Bandito dal capitanato, uno può starsene tranquillamente a San Sisto, o a Carpegna,
per anni, trovare un lavoro e magari rifarsi una vita. Se non gli riesce o non ne
ha talento, s'intruppa con altri banditi e si dà alla malavita: scorrerie,
estorsioni, rapine, omicidi. Le cronache di quel secolo ne sono piene.
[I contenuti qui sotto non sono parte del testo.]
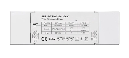 SRP-TRIAC-24-30CV to zatwierdzony przez ENEC 30W ściemnialny zasilacz LED z triakiem, z 1 kanałem wyjściowym o stałym napięciu 24VDC. Został zaprojektowany z wejściem 220-240VAC. Zasilacz z triakiem jest wyposażony w 4 interfejsy ściemniania: DALI, Push, Triac, 0/1-10V w jednym, co umożliwia współpracę z różnymi systemami sterowania. Zasilacz LED stosuje wyjście ściemniania amplitudowego zamiast wyjścia PWM, aby zapewnić prawdziwe działanie bez migotania. Umożliwia płynne i głębokie ściemnianie do 1% bez migotania i hałasu. 1 adres DALI może być automatycznie przypisany przez master DALI. Zgodny z IEC 62386-101, IEC 62386-102, IEC 62386-207, ten zasilacz DALI jest kompatybilny z większością systemów DALI dostępnych na rynku. Zasilacz z triakiem może być kompatybilny z uniwersalnymi ściemniaczami triakowymi. W przypadku wyboru interfejsu 0/1-10V, jest kompatybilny z uniwersalnymi ściemniaczami 0/1-10V.
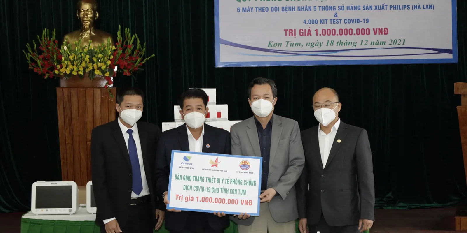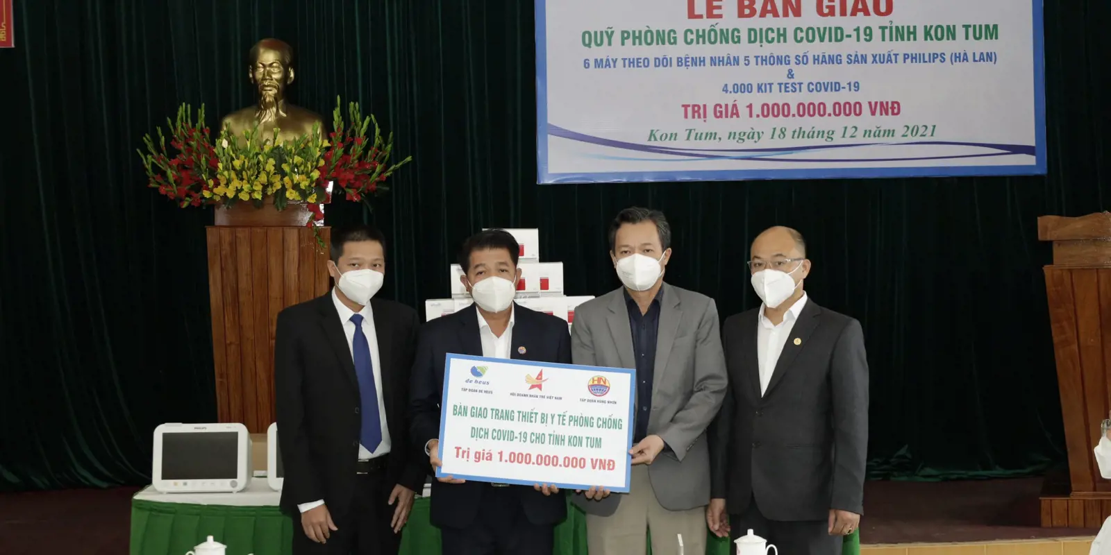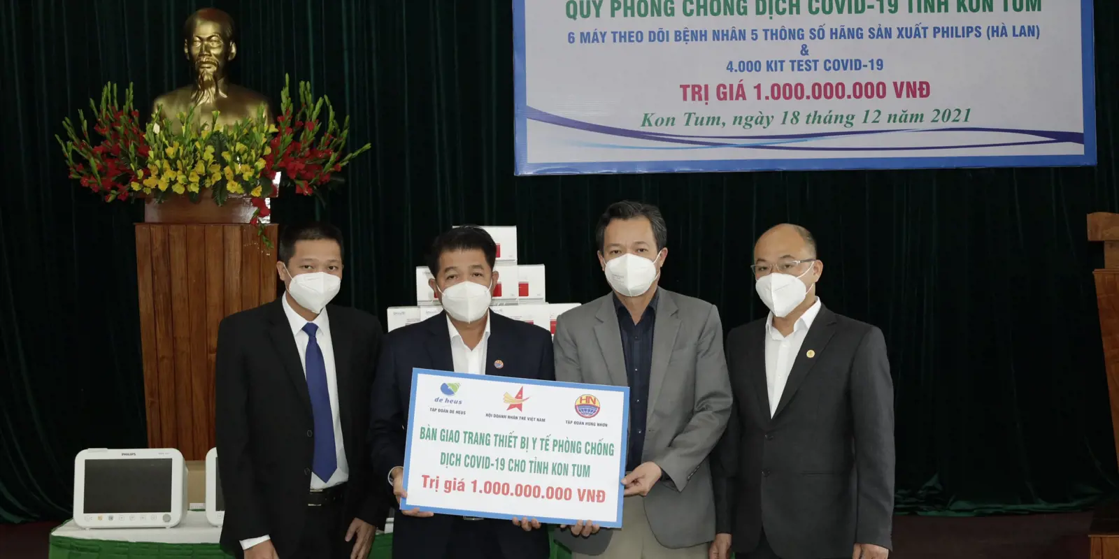 Tại buổi lễ bàn giao, Tập đoàn De Heus và Tập đoàn Hùng Nhơn cùng các đối tác đã trao tặng 6máy Monitor hiệu Philips của Hà Lan để theo dõi bệnh nhân với 5 thông số và 4.000 Kit test cho Quỹ phòng chống Covid-19 của tỉnh Kon Tum, với tổng số tiền là 1 tỷ VNĐ đồng.
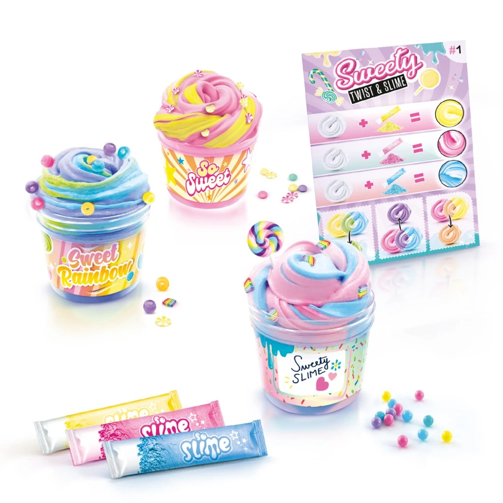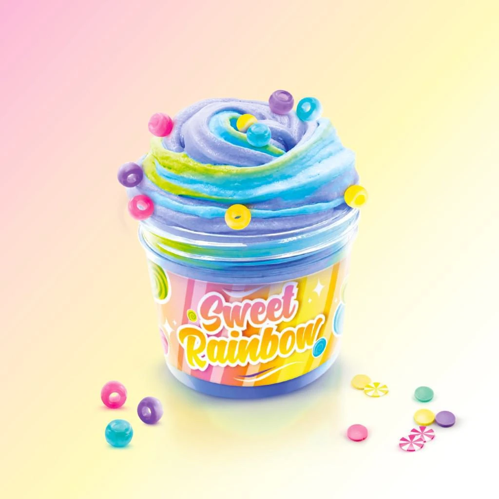 Obsah: 1 sáček průhledného slizu, 6 sáčků práškové barvy do sliz, 5 druhů ozdob do slizu, 6 x kelímek, 1 karta s recepty na sliz, 1 arch samolepek na kelímky.
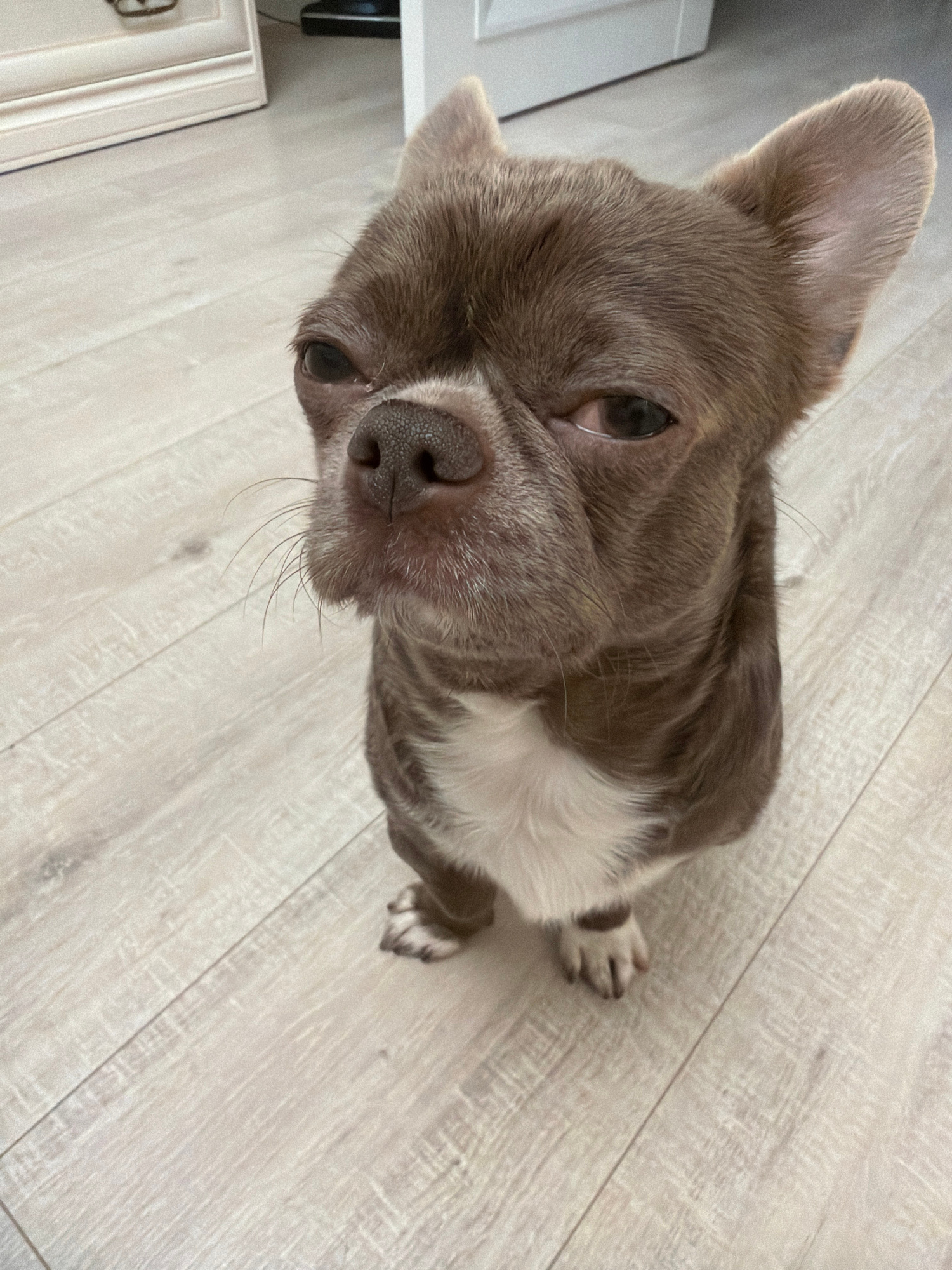 A close-up, high-angle shot of a short-haired, brown and white dog, possibly a French Bulldog, sitting on a light wood-grain floor. The dog is looking up at the camera, with a slightly tilted head. Th…read more

Il Sasso, con le sue macchie e i suoi anfratti rocciosi, è naturalmente un ridotto
ideale per i malviventi. Ma il flagello colpisce tutto il capitanato. Nel 1570 il
provveditore dà notizia a Firenze che in questo paese s'è scoperto dodici o
quattordici uomini, li quali senza timore alcuno vanno alle case, e quando non
possono entrare per l'uscio entrano per i tetti, e rubano d'ogni sorte di robe;
e poi mettano la taglia a denari, minacciando se no gli hanno di ammazzare, e tal
cosa mette ispavento ai popoli. Nel 1577 è il capitanato a riferire al graduca che
in questo capitanato ci sono molti di mala vita, e non attendono se non a fare
omicidi, et in dua mesi è stato morto già cinque persone e fatto molti latrocini e
sforzi a donne, e da dieci giorni in qua si son fermi otto banditi in sull'Alpe che
passa dalla Pieve alla Badia, et hanno tolto [a] molte persone li danari, a tal che
pochi sono che oggi ardischino a passare l'Alpe senza grossa compagnia.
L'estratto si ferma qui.